ESG factor and explanation

Clean Tech Opportunities

A semi-conductor company is positioned to monetize its clean tech opportunities, including solar, LED, and EV products. This company is a leader in Silicon Carbide technology. Silicon Carbide is absolutely crucial to enabling the mass adoption of Electric Vehicles (EVs) as Silicon Carbide enables much more efficient use of power in the vehicle, thereby enabling manufacturers to produce a car that offers longer hours of use before re-charging is required. Increasing the hours of use before recharge may also help promote greater adoption of EVs among consumers.

ESG incorporation strategy applied Integration

Impact on investment decision or performance

While not the only driver, the significant opportunities to monetize on a growing clean tech market and business was one consideration that contributed to an overweight in this name.
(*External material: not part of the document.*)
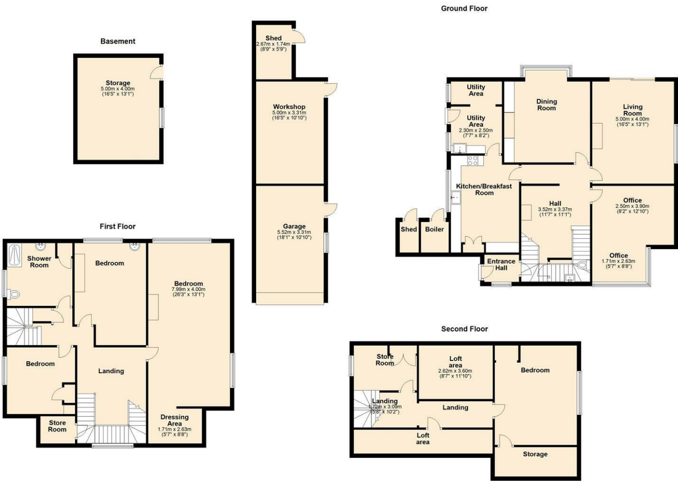
13 THE DRIVE, Ulverston

Corrie and Co aim to sell your property at the best possible price in the shortest possible time. We have developed a clear marketing strategy to ensure that your property is fully exposed to the local, regional and national market place and we are confident that we can provide a marketing service second to none. Our Sales Team offer:

ESG factor and explanation

Governance

Oil and gas company pursued financing terms for an acquisition that resulted in preclusion of a shareholder vote on the matter. Management moved forward with the deal, wilfully avoiding shareholders a say in the process. The company also experienced a drop in share price through the process as compared to prior to news of the deal. 

ESG incorporation strategy applied Integration

Impact on investment decision or performance

The position was sold, prompted by governance concerns related to the merger and financing terms.

ESG factor and explanation

Low Carbon and ESG Leadership:

Our ESG ETFs favor companies that demonstrate leadership in managing and mitigating current carbon emissions and potential future emissions resulting from fossil fuel reserves. Companies must also be considered ESG leaders relative to sector and industry peers.

ESG incorporation strategy applied Screening|Thematic|Index incorporating ESG factors

Impact on investment decision or performance

Companies selected for this strategy typically have a lower carbon footprint than companies on the benchmark. Companies that own fossil-fuel reserves are not eligible. Companies must also meet both absolute and relative ESG performance requirements.